TASK INPUTS
************

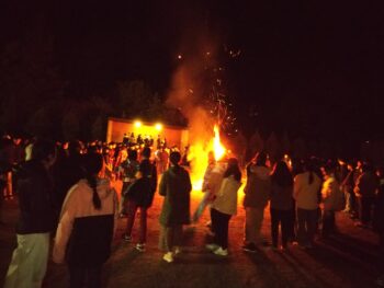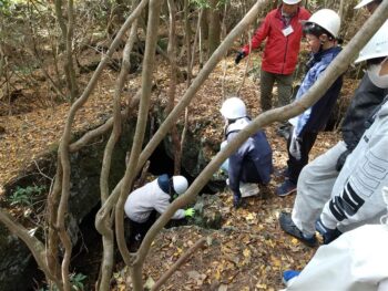 2日目は自然探究コース、風穴探究コース、科学探究コースの3つのコースに分かれて活動を行いました。中でも風穴探究コースでは、大小さまざまな風穴を探検しました。入口や出口が狭く、どうやって進むのかを工夫する必要のある風穴や、途中、匍匐前進しなければならない風穴もあり、それぞれの風穴を存分に楽しみました。活動後には、「楽しかった」「もっと色々な風穴に入ってみたい」といった声が聞かれました。夜にはキャンプファイヤーを行い、大きな火を囲みながら、研修旅行スタッフの生徒が企画した催しを皆で楽しみました。
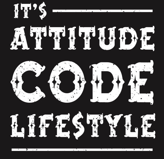- IT'S ATTITUDE CODE LIFESTYLE on back of shirt
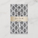 Hair Stylist Gold Striped Black Damask Appointment Card
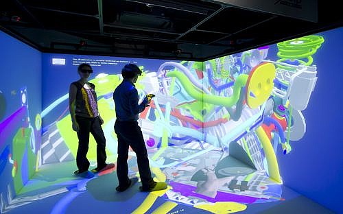 三面墙壁和地面投影加强3D 环境感和立体音效,Cave 墙壁上有跟踪传感器捕捉使用者在房间内的动作,专用的眼镜根据捕捉到的动作形成图像。戴上眼镜,你就感觉进入了“墙内的世界”。
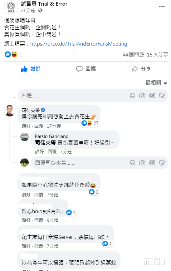 有網民直認無意買一萬元門票,純綷食花生。
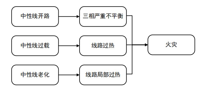 在三相四線制或五線制供電系統(tǒng)運行過程中,中性線引發(fā)火災事故主要通過三種途徑:
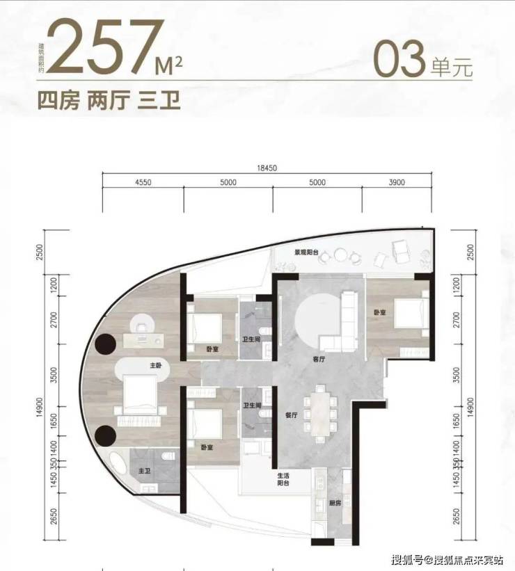现推售最后一栋超高层住宅A5(51层高),每层约620㎡,户型包括176㎡-187㎡-204㎡-257㎡三至四房大平层江景住宅,符合新政不限购;大部分单套住宅总价介于1300-2000万元,自住投资首选。

************

REQUIRED ACTION
Exactly the lines from the one containing "- IT'S ATTITUDE" through the last line of the material above, both included and free of pictures, should make up your answer, please.

FINISHED TASK
- IT'S ATTITUDE CODE LIFESTYLE on back of shirt
 Hair Stylist Gold Striped Black Damask Appointment Card
 三面墙壁和地面投影加强3D 环境感和立体音效,Cave 墙壁上有跟踪传感器捕捉使用者在房间内的动作,专用的眼镜根据捕捉到的动作形成图像。戴上眼镜,你就感觉进入了“墙内的世界”。
 有網民直認無意買一萬元門票,純綷食花生。
 在三相四線制或五線制供電系統(tǒng)運行過程中,中性線引發(fā)火災事故主要通過三種途徑:
现推售最后一栋超高层住宅A5(51层高),每层约620㎡,户型包括176㎡-187㎡-204㎡-257㎡三至四房大平层江景住宅,符合新政不限购;大部分单套住宅总价介于1300-2000万元,自住投资首选。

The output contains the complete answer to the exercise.